The most successful multicloud environments begin with an already-successful cloud operations team. The team becomes adept at a core set of standards on one platform. They learn their organization’s weaknesses and the limitations of that platform. Then they expand to more than one cloud if there is a very good reason to do so.

If you are on more than one cloud platform, you have felt the pain of scattered cloud management and probably see the value in standardizing cloud usage more consistently. The path forward is different for every organization, but in general: consider the option that is best for long-term management. Consider the simplest option -- usually one or a limited number of “approved” cloud platforms --, even if the easiest option is to let each team choose their own cloud. Organizations that do the hard work upfront to develop a single set of preferred cloud platforms with built-in standards for things like security and cost management have a much easier time expanding later on.

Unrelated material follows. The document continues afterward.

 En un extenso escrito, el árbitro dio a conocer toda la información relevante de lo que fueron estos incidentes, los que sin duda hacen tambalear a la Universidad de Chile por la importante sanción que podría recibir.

One cloud does not fit all, but if you pick a major IaaS cloud provider like AWS or Azure, one cloud certainly fits most.

Account controls

There is little hope for remaining on-time and on-budget without a feedback loop between IT and business. Business must receive recent data about the cost and performance of the project’s infrastructure, and IT must receive appropriate budgets in order to put thresholds and alerts around cloud spending. A simple set of account controls might look something like this:

  • Only engineers that directly work on the project have access, and only to the specific resources that they work with (Principle of Least Privilege). Example: Using AWS IAM Roles vs. granting the same access to every user or resource
  • Only certain engineers are authorized to create certain resources
  • All resources are tagged with appropriate project/team/developer so cloud bills are easily attributed
  • Higher-than-expected resource usage generates alerts
  • Certain resources have scheduled shutdown periods
  • Infrequently accessed data is periodically shipped to lower-cost cold storage (e.g. AWS Glacier)
  • Real-time costs are displayed in simple dashboard to IT and business (e.g. Cloudcheckr)

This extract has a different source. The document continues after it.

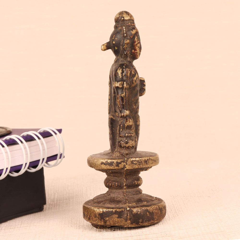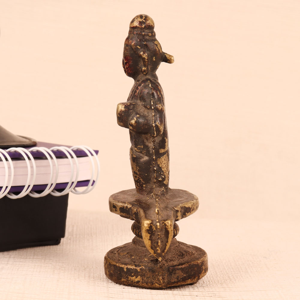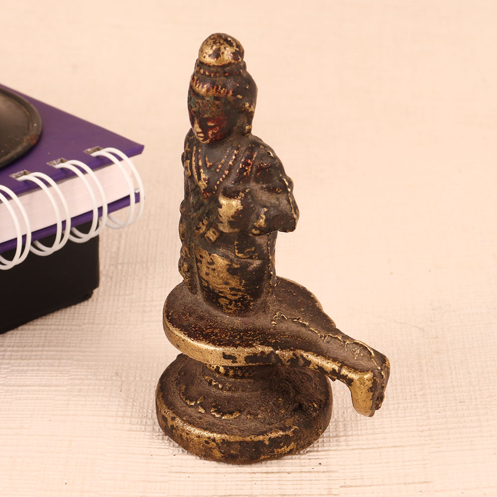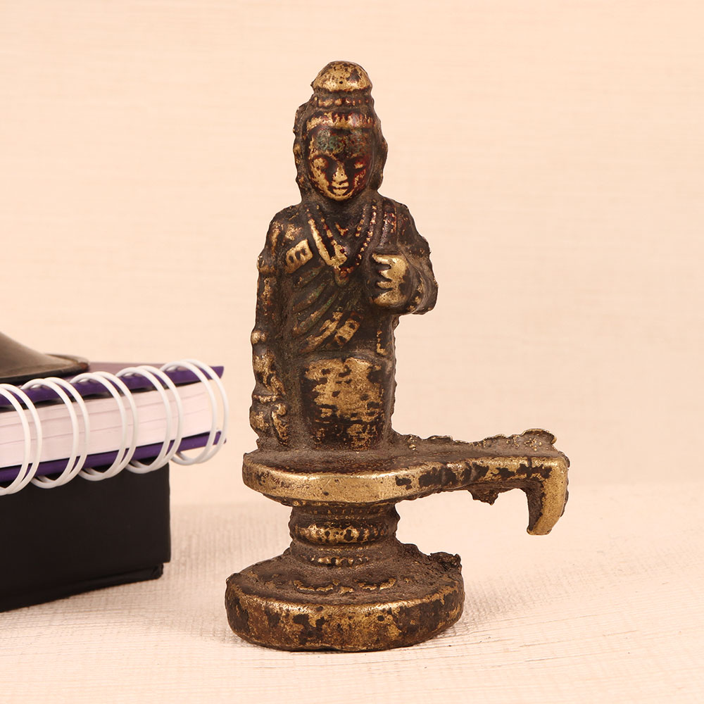 A Yoni Stand with Lord Shiva which is a masterpiece that seamlessly blends artistry, spirituality, and craftsmanship. Handcrafted by talented Indian artisans, this divine creation boasts a rich antique brown finish that exudes timeless charm. Crafted from high-quality brass, it's a symbol of enduring quality and devotion. The Yoni Stand with Lord Shiva is more than just a decorative piece, it's a symbol of reverence and spirituality. Its intricate design and attention to detail make it a focal point in any space. Whether you place it in your home, office, restaurant, hotel, cafe, or shop's prayer room, it radiates an aura of serenity and sanctity, fostering an atmosphere of peace and devotion. This magnificent piece is not limited to religious settings, it's a true work of art that can elevate any decor style. Collectors will appreciate its antique allure, making it a valuable addition to vintage collections. Moreover, the Yoni Stand with Lord Shiva makes for an unforgettable gift for your family, friends or relatives on special, festive, or auspicious occasions. It embodies a profound sense of spirituality, love, and culture, making it a gift that resonates deeply with the heart and soul. Bring home a piece of Indian heritage and spirituality with the Yoni Stand with Lord Shiva that is the testament to India's artistic legacy and a beacon of divinity in any setting.

The granular cost data provided by these controls enable accurate planning for future cloud costs and, potentially, investment in something like AWS Reserved Instances (which allow you to save nearly 50 percent vs. on-demand compute costs).

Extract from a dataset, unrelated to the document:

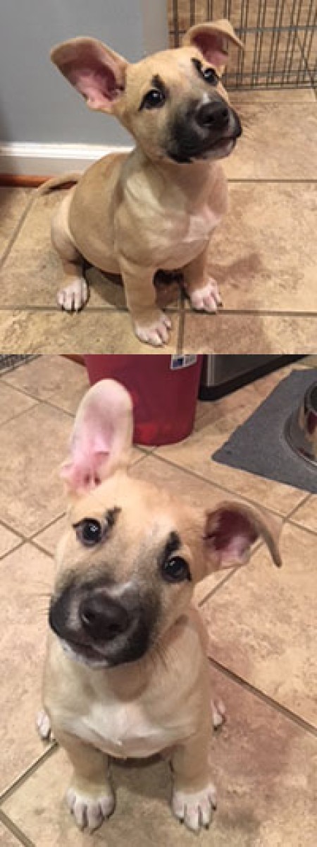 Greg was rescued from an abusive owner. He is very, very sweet and playful. He is very smart and is already learning to how to sit and shake.

It’s challenging to meet goals and achieve early ROI on your cloud investments. But whether you build a management framework for your in-house cloud platform or outsource it to a partner, it can make a substantial difference in your bottom-line costs and improve how business and IT work together – and even lay the foundation for cloud-enabled DevOps practices. Let’s hope that 2017 will not just be the year of increased enterprise cloud adoption, but also the year where our teams gain cloud operations maturity.
Jason McKay is senior vice president and chief technology officer at Logicworks.